What to work on: Using the records that follow, reproduce exactly the lines starting at the line containing "ファーベスト ショート キッズ" and ending at the line containing "10Brand New 3x3". Include both end lines and no pictures.

Provided information:
# # #

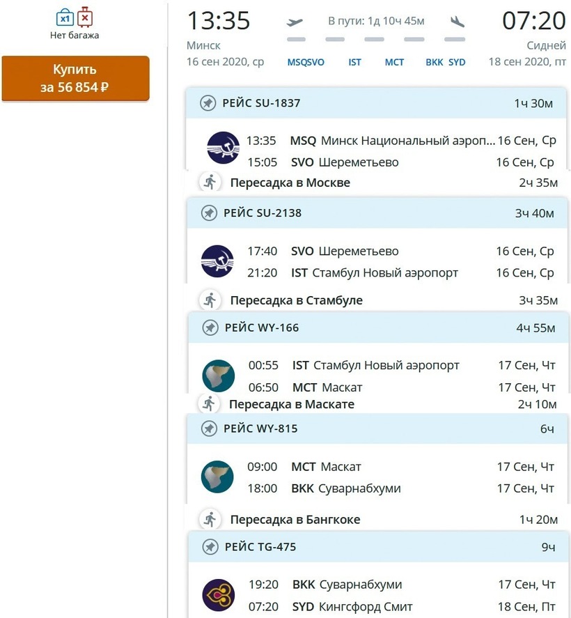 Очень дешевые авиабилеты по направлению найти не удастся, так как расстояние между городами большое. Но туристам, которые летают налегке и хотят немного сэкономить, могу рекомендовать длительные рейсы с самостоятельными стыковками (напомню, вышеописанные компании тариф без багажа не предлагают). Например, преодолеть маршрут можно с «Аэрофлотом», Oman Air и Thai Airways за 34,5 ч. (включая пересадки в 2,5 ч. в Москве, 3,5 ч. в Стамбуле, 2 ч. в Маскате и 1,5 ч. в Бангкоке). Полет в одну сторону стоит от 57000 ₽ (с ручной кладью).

# # #

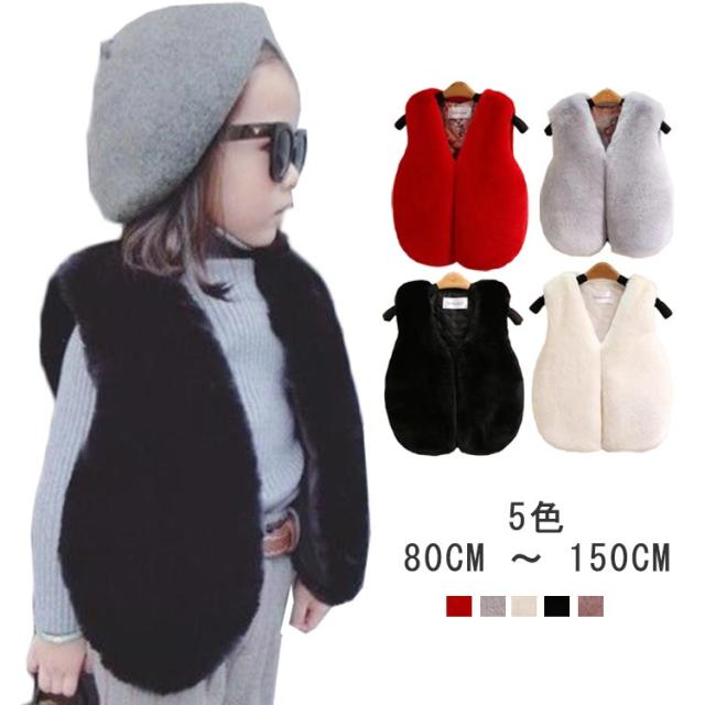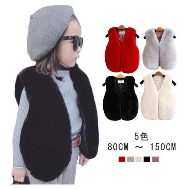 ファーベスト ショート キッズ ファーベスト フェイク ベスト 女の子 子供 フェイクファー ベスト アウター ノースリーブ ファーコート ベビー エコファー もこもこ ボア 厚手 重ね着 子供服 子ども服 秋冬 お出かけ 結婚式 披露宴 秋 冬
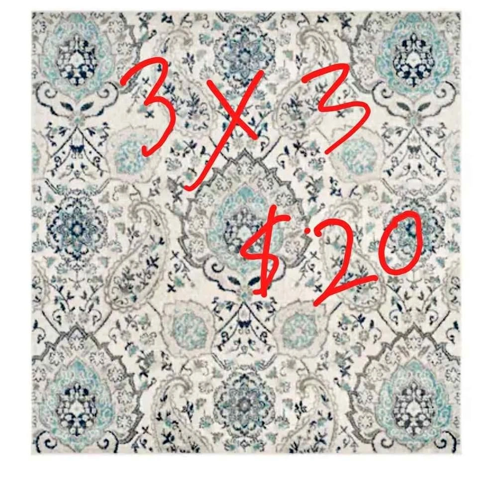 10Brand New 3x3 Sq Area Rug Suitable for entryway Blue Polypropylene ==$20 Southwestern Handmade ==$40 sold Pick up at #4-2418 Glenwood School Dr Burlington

# # #

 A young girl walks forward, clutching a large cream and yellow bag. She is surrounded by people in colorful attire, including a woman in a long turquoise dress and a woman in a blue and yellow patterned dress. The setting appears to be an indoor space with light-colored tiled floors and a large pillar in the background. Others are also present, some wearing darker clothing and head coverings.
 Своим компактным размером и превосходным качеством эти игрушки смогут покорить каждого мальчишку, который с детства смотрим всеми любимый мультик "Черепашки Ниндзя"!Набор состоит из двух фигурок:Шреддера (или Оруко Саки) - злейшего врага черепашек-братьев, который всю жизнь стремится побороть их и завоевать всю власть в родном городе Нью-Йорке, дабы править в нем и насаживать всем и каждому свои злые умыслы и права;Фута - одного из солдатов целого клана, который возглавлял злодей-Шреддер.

# # #

The completed task:
 ファーベスト ショート キッズ ファーベスト フェイク ベスト 女の子 子供 フェイクファー ベスト アウター ノースリーブ ファーコート ベビー エコファー もこもこ ボア 厚手 重ね着 子供服 子ども服 秋冬 お出かけ 結婚式 披露宴 秋 冬
 10Brand New 3x3 Sq Area Rug Suitable for entryway Blue Polypropylene ==$20 Southwestern Handmade ==$40 sold Pick up at #4-2418 Glenwood School Dr Burlington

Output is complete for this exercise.